Его кости захрустели.
Витя едва удержался от того, чтобы взвизгнуть, и с ненавистью уставился в точку между дядь-Гениными бровями.
Подполковник продолжал сжимать Витину ладонь, словно тисками. Под его усами (разумеется, дядя Гена носил усы щеточкой) наметилась влажная улыбка.
— Ну, мальчики, вот и познакомились! А теперь давайте чаю попьем! — засуетилась мама, которая при подполковнике вела себя абсолютно противоположным образом, чем при папе Сереже. — Витюша, я на работе замоталась сегодня, с ужином не успела, давай-ка я тебе быстренько яичницу пожарю, хочешь?
— Не надо, — буркнул Крюгер, наконец освободившийся из подполковничьей хватки. Ладонь онемела и покрылась белыми пятнами там, где на ней смыкались дядь-Генины пальцы.
Мама сделала вид, что ничего не заметила.
— Отставить «не надо», — скомандовал Жигловатый. — Давай, Светлаш, организуй пацану прием пищи. Своевременное трехразовое питание — залог бодрости духа и крепкой физической формы, на!
Крюгеру больше всего на свете захотелось открыть кухонный ящик, достать оттуда самый большой нож, которым папа Сережа в прошлой жизни разделывал мясо на шашлык, и перерезать этому кошмарному дяде Гене горло.
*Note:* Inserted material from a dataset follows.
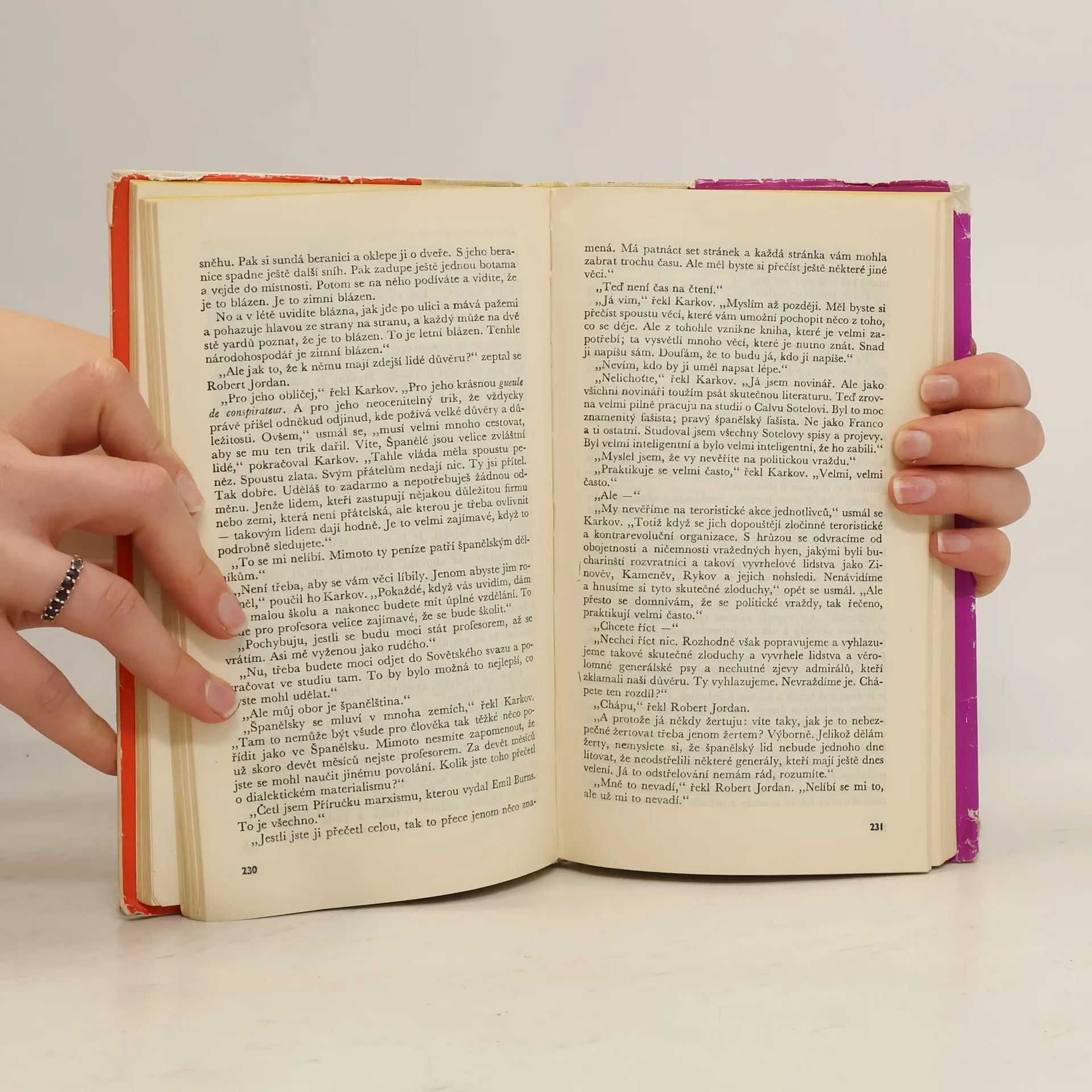 Od svého prvního setkání s autorem jsem měla obrovská očekávání. Doslova jsem čekala, že mě jeho styl a kniha posadí na zadek, ale nestalo se tak. Dialogy jsou velmi zvláštně napsané. Hemingway často dialogy opakuje klidně nekolikrát za sebou a to mi upřímně lezlo strašně na nervy. Stejně tak jako neustále se opakující jméno Robert Jordan. Robert Jordan udělal tohle, Robert Jordan udělal tamto. Bylo to velmi otravné. Moc tomu nepřispěly ani zdlouhavé a nudné filozofické myšlenky hlavní postavy. Celkově byl pro mě příběh dost o ničem, dokonce i ta romantická linka byla dost odtažitá, stejně jako zbytek knihy.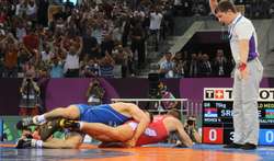 Один из ведущих членов нашей команды по греко-римской борьбе Эльвин Мурсалиев выступил в соревнованиях в весовой категории 75 килограммов. Одержав на первом этапе победу над словаком Ричардом Риго со счетом 8:0, наш борец вышел в одну восьмую финала. На этом этапе наш соотечественник также вышел победителем из напряженной борьбы с румыном Ионелем Пускасу.

— Я не буду есть, — вместо этого сказал он. — Я потом.
— Так потом мы спать ляжем, Витечка, — встряла мама. За последние несколько минут на кухне Сухомлиных прозвучало больше уменьшительно-ласкательных форм имен собственных, чем суммарно за последний год.
— Я не буду спать, — упрямо сказал Крюгер.
— В уставе нет слова «не буду»! — опять вклинился Жигловатый со своими мудовыми воинскими наставлениями. — Команда «отбой» дается для всех, на! А вот ты, Светлаша, рановато что-то спать собралась!
Он подмигнул Крюгеровой маме и неожиданно ловко ущипнул ее за задницу.
Всё внутри Вити оборвалось и свалилось куда-то вниз, в область коленей.
Мама захихикала:
— Ой, Витюша, я, наверное, забыла сказать: дядя Гена у нас поживет пока, тут просто такая ситуация…
— Ситуация передислокации! — пошутил подполковник общевойсковую шутку, сам посмеялся и начислил в папину водочную рюмку коньяка из бутылки.
Не обращая внимания на остолбеневшего Крюгера, всё еще внутренне отказывавшегося признать очевидное, дядя Гена ловко проделал привычный, видимо, ему ритуал: отпластал дольку лимона от слипшегося комка, равномерно посыпал ее сахаром, вкинул содержимое рюмки под усы и заел коньяк получившимся кисло-сладким бутербродом.
— По-генеральски, на! — подмигнул он Крюгеру.
Здесь Вите надо было бы, конечно, промолчать.
— До генерала вам еще далеко, — вместо этого буркнул он.
— Недопонял, — угрожающе протянул дядя Гена, шумно поднимаясь из-за стола.
Крюгер, забывший обо всём безумии последних недель, забывший даже о бестелесной твари из Танаиса, не сдвинулся с места. Он опустил глаза, вперился в свои носки (на правом большом пальце начала зарождаться дырка) и прошептал что-то нечленораздельное. Его голова была словно забита ватой — не сладкой розовой, а самой обычной, медицинской.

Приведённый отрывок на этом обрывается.